━━━━━ SUPPLIED INFORMATION ━━━━━

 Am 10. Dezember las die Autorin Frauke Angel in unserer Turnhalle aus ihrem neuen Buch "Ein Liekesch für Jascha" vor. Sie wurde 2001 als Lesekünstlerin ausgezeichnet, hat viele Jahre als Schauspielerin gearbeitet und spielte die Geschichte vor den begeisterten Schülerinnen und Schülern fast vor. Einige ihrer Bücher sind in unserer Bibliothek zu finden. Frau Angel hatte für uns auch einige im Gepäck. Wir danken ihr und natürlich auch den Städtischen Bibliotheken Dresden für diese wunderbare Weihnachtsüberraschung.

━━━━━
━━━━━ SUPPLIED INFORMATION ━━━━━

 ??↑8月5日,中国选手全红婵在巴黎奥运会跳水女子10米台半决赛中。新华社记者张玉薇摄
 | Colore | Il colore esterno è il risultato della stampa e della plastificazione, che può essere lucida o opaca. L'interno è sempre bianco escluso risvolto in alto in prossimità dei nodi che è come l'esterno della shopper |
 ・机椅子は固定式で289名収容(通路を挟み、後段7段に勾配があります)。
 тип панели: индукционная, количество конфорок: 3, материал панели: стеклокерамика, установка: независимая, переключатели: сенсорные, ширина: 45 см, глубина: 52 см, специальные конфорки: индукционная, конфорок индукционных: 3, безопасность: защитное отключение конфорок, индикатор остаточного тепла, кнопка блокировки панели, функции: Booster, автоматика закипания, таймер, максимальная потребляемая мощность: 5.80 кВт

━━━━━

▶ ACTIVITY
Above are the records. Copy the lines beginning at the one that has "della shopper |" and ending with the one that has "тип панели: индукционная, количество", unchanged.

▶ SOLUTION FOR THIS TASK
 | Colore | Il colore esterno è il risultato della stampa e della plastificazione, che può essere lucida o opaca. L'interno è sempre bianco escluso risvolto in alto in prossimità dei nodi che è come l'esterno della shopper |
 ・机椅子は固定式で289名収容(通路を挟み、後段7段に勾配があります)。
 тип панели: индукционная, количество конфорок: 3, материал панели: стеклокерамика, установка: независимая, переключатели: сенсорные, ширина: 45 см, глубина: 52 см, специальные конфорки: индукционная, конфорок индукционных: 3, безопасность: защитное отключение конфорок, индикатор остаточного тепла, кнопка блокировки панели, функции: Booster, автоматика закипания, таймер, максимальная потребляемая мощность: 5.80 кВт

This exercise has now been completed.